Choose the installation directory and the user you want to install it for. If you don’t know what to do, my recommendation is to leave the default directory as it is and just install it for yourself.

Cygwin installation directory

Select a temporary package where you whant the downloaded temporary files to be stored, e.g. “C:\Users\Jan\Downloads” if your name is also Jan.

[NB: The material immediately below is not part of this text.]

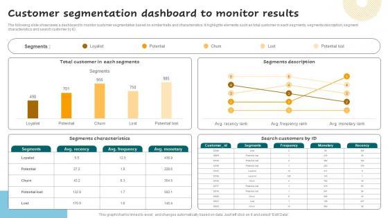 The following slide showcases a dashboard to monitor customer segmentation based on similar traits and characteristics. It highlights elements such as total customer in each segments, segments description, segment characteristics and search customer by ID. Get a simple yet stunning designed Customer Segmentation Dashboard To Monitor Successful Guide For Market Segmentation Formats Pdf. It is the best one to establish the tone in your meetings. It is an excellent way to make your presentations highly effective. So, download this PPT today from Slidegeeks and see the positive impacts. Our easy-to-edit Customer Segmentation Dashboard To Monitor Successful Guide For Market Segmentation Formats Pdf can be your go-to option for all upcoming conferences and meetings. So, what are you waiting for Grab this template today. The following slide showcases a dashboard to monitor customer segmentation based on similar traits and characteristics. It highlights elements such as total customer in each segments, segments description, segment characteristics and search customer by ID.

Cygwin temporary download folder

Select your internet connection. If you are at home you’ll most probably choose ‘Direct connection’. If you are within a university or company network you might need to add  a proxy configuration in order to make the download work (although I guess choosing ‘Use Internet Explorer Settings’ should be sufficient). 

Cygwin connection

You then need to choose a site where the packages should be downloaded from. I usually pick a university server which is close to my home location.

Cygwin download site

Now you will get to a packages selection page where you can select all the useful linux tools and commands that you’d like to have installed. For our use case it is sufficient to leave the default configuration. However, if you are faced with some command not found errors lateron, you might reinstall Cygwin with the necessary packages.

Cygwin select packages

After Cygwin has finished downloading the packages, select ‘Create icon on Desktop’ and finish the installation.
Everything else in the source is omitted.